Did you know that around 90 percent of all the data available around the world today was generated in recent years? Due to the numerous new information and communication technologies, the volume of data worldwide has grown incredibly and offers previously unknown possibilities. Big Data stands for this volume of structured and unstructured data, which cannot be processed with conventional software or hardware due to its size.
These data volumes are created, among other things, with each of our clicks on the Internet. This can be, for example, a purchase on Amazon, a search query on Google, activity on social networks such as Instagram or Facebook etc.
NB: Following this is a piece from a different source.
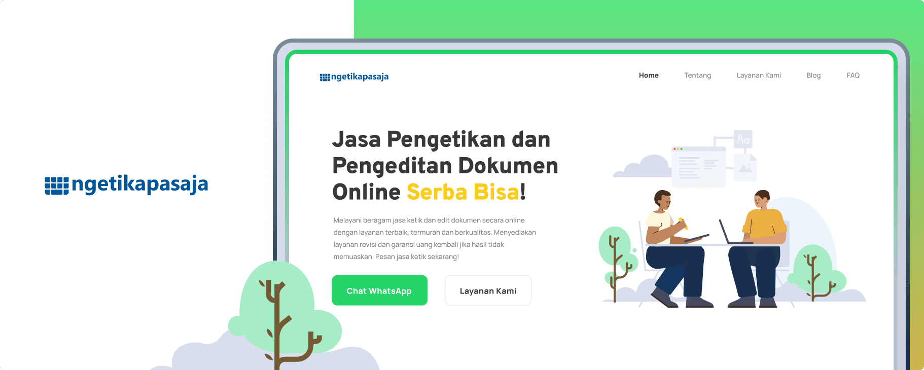 Home / Landing — Introduces Ngetikapasaja with sections like hero, reasons to choose us, service highlights, achievements, mini-FAQ, testimonials, and footer.

However, large amounts of data alone do not make Big Data. Only the analysis and processing of these data volumes, e.g. by a company, distinguishes Big Data. In 2001, analyst Doug Lane created a definition of Big Data with his 3-V model that is still recognised today. According to Lane, Big Data has the following three characteristics:
- Volume: Companies collect large volumes of data from various sources. These include intelligent devices (IoT) such as mobile phones, videos, social media, etc. In the past, it would not have been possible to store these large volumes of data; today, storage platforms exist for this purpose.
- Velocity: Companies are currently being flooded with data streams at unprecedented speeds that need to be processed quickly.
- Variety: The data collected is diverse and has a wide variety of formats: numerical data, which is available in structured form and stored in ordinary databases, can be part of Big Data, as well as unstructured text documents, data from financial transactions or e-mails.
…stands for a large amount of available data that is analysed and processed for a specific purpose. According to Doug Lane, Big Data is characterised by volume, speed and diversity.
Big Data vs. Small Data
Unlike Big Data, Small Data refers to data in a volume and format accessible to humans. The following points show how Big Data can be distinguished from Small Data:
- Targets: Small Data is used for a defined goal, the use of Big Data often develops unexpectedly.
- Location: Small Data is generally stored in one place, usually in one file on the PC, while Big Data is usually spread across numerous files on different servers located in different countries.
- Data structure: Small Data is structured in a straight line, whereas Big Data can be unstructured and can have many file formats from different fields.
- Data preparation: only one end user is usually involved in the preparation of Small Data. In the case of Big Data, however, it is often the case that one group of people prepares the data, another group analyses the data and finally a third group uses the data. Each of these groups may have different objectives.
- Durability: Small Data is generally retained for a certain period of time after the completion of a project. In the case of Big Data, however, the data remains stored for an unlimited period of time.
- Origin: Small Data is stored within a short time and in specific units of measurement. Big Data, on the other hand, originates from different places, countries, companies, organisations, etc.
- Reproducibility: Small Data can generally be completely reproduced. Big Data, by contrast, originates from many different sources and is available in many forms that reproduction is impossible.
- Quality: the meanings of the data in a Small Data set are unambiguous, these data can therefore describe itself. Big Data, conversely, is much more complex and may also contain unidentifiable information that has no specific meaning. This can reduce the quality of the data.
- Analysis: a single process is usually sufficient for the analysis of Small Data, since the data is analysed from only one computer file. In the case of Big Data, the data must be extracted, checked, reduced, etc. in a time-consuming process.
As you can see from the distinction between Big Data and Small Data, Big Data is literally often difficult to grasp.